Provided records:
■ ■ ■

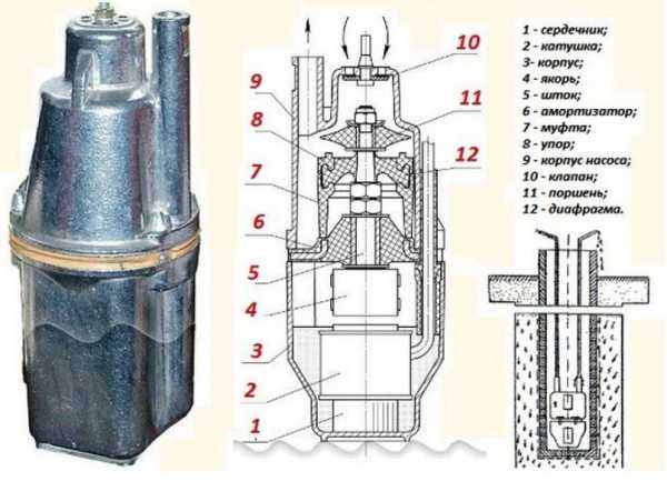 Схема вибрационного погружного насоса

■ ■ ■

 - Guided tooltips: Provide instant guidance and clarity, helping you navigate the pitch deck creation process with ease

■ ■ ■

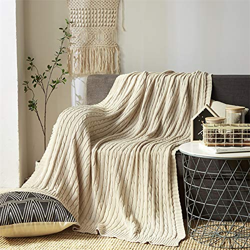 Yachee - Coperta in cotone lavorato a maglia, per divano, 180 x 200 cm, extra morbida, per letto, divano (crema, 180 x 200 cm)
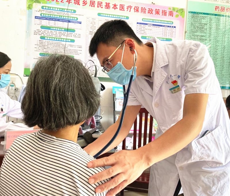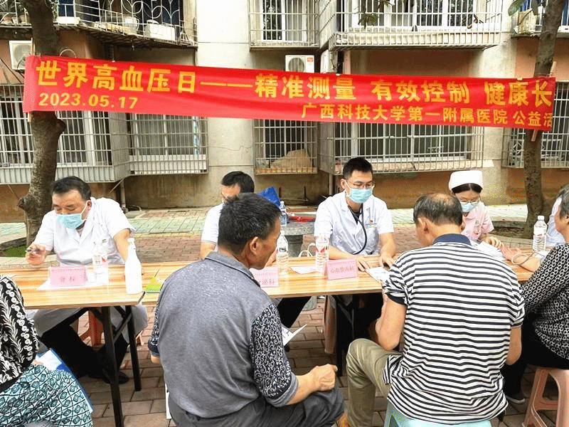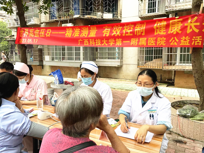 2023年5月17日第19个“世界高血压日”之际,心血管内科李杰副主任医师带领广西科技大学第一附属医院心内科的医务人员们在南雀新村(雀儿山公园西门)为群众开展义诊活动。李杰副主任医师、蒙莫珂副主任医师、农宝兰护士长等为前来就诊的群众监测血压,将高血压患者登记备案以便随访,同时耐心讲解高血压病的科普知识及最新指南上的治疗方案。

■ ■ ■

What is being asked: Restate word for word every line from the one with "Yachee - Coperta" up to and including the one with "2023年5月17日第19个" in the records above, minus the pictures.

Finished exercise:
 Yachee - Coperta in cotone lavorato a maglia, per divano, 180 x 200 cm, extra morbida, per letto, divano (crema, 180 x 200 cm)
 2023年5月17日第19个“世界高血压日”之际,心血管内科李杰副主任医师带领广西科技大学第一附属医院心内科的医务人员们在南雀新村(雀儿山公园西门)为群众开展义诊活动。李杰副主任医师、蒙莫珂副主任医师、农宝兰护士长等为前来就诊的群众监测血压,将高血压患者登记备案以便随访,同时耐心讲解高血压病的科普知识及最新指南上的治疗方案。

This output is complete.